4-year-old children in the tracking area included 17,069 children of the following race and ethnicity

  • American Indian or Alaska Native - 1%
  • Asian or Pacific Islander (including Hmong) – 13%
  • Black, non-Hispanic (including Somali) – 23%
  • Hispanic –11%
  • White, non-Hispanic – 45%
  • Two or more races – 7%

Implications

This is the fifth time Minnesota data has been included in findings from the ADDM Network and the third time we have included 4-year-old prevalence. Overall prevalence of autism among 4-year-olds in 2022 (1 in 40) was higher than prevalence among 4-year-olds in 2020 (1 in 53), but similar to prevalence among 4-year-olds in 2018 (1 in 44). Autism prevalence increased between 2020 and 2022 for both males and females and across all race/ethnicity categories. The portions of Ramsey and Hennepin counties included in prevalence estimates differed in 2018, 2020, and 2022 which may have impacted prevalence estimates.

In Minnesota, and across the ADDM network, we saw a decrease in the male-to-female ratio of autism prevalence. In the past, males typically had an autism rate 4 times higher than females. In 2022, the male: female ratio was 2.8 in Minnesota and 2.8 across ADDM sites combined. (Note: the ADDM project only collects data on male and female sex as indicated in records and does not include gender identification information.) In terms of race/ethnicity, as in 2020, we saw higher rates of autism for Asian/Pacific Islander, Black, and Hispanic children compared to White.
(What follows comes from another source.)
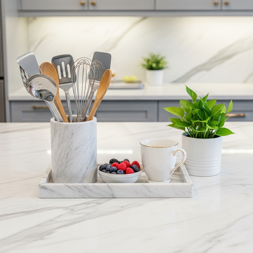 Marble cutting boards, utensil holders, or trays bring sophistication and pair beautifully with most countertop materials.

We also saw a higher autism rate for Multiracial children compared to White in 2022; these two groups had similar autism rates in 2020.

In Minnesota, we identify autism much later than when first concerns are reported. We found that 4-year-old children are being identified with autism at about the same rate as 8-year-olds, which indicates that identification is not happening more frequently at earlier ages. Minnesota’s cumulative incidence rate for 4-year-olds lags behind that of the ADDM network overall. The slow rate of early identification in Minnesota is concerning due to the critical importance of early identification and intervention. Many states, including MN, have invested in early intervention to help children and families gain access to early intervention services. For example, Minnesota’s Early Intensive Developmental and Behavioral Intervention (EIDBI) Benefit provides early intensive intervention for people with autism and related conditions. To learn more about the EIDBI benefit follow this link:

https://mn.gov/dhs/partners-and-providers/news-initiatives-reports-workgroups/long-term-services-and-supports/eidbi/eidbi.jsp

Limitations

The findings in this report reflect a small number of children concentrated in a large metropolitan area and may not reflect prevalence across the entire state.
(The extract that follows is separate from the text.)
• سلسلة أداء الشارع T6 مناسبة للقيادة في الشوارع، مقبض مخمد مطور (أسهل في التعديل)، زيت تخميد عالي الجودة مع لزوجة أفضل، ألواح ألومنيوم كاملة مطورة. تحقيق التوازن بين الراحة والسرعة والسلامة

The numbers of 4-year-old children with autism from some racial/ethnic groups are small, and their prevalence estimates will be less precise than estimates for larger-sized populations. Confidence intervals show the range in which we are 95% confident that true prevalence lies, and a larger confidence interval means less precision (e.g., 19.9–33.0 for Asian/Pacific Islander children). This tells us we should use caution before drawing conclusions about differences between some groups.

MN-ADDM reviewed records from participating public school special education programs but did not review private school education records or all charter school education records in our geographic area. Similarly, if a child was identified with autism in a clinic outside of those included in MN-ADDM’s geographic area, their health records may not have been captured. Incomplete information could lead to misclassifying children’s cognitive ability, overestimating the age when they were first evaluated or when autism was identified, or failing to capture that the children were identified as having autism.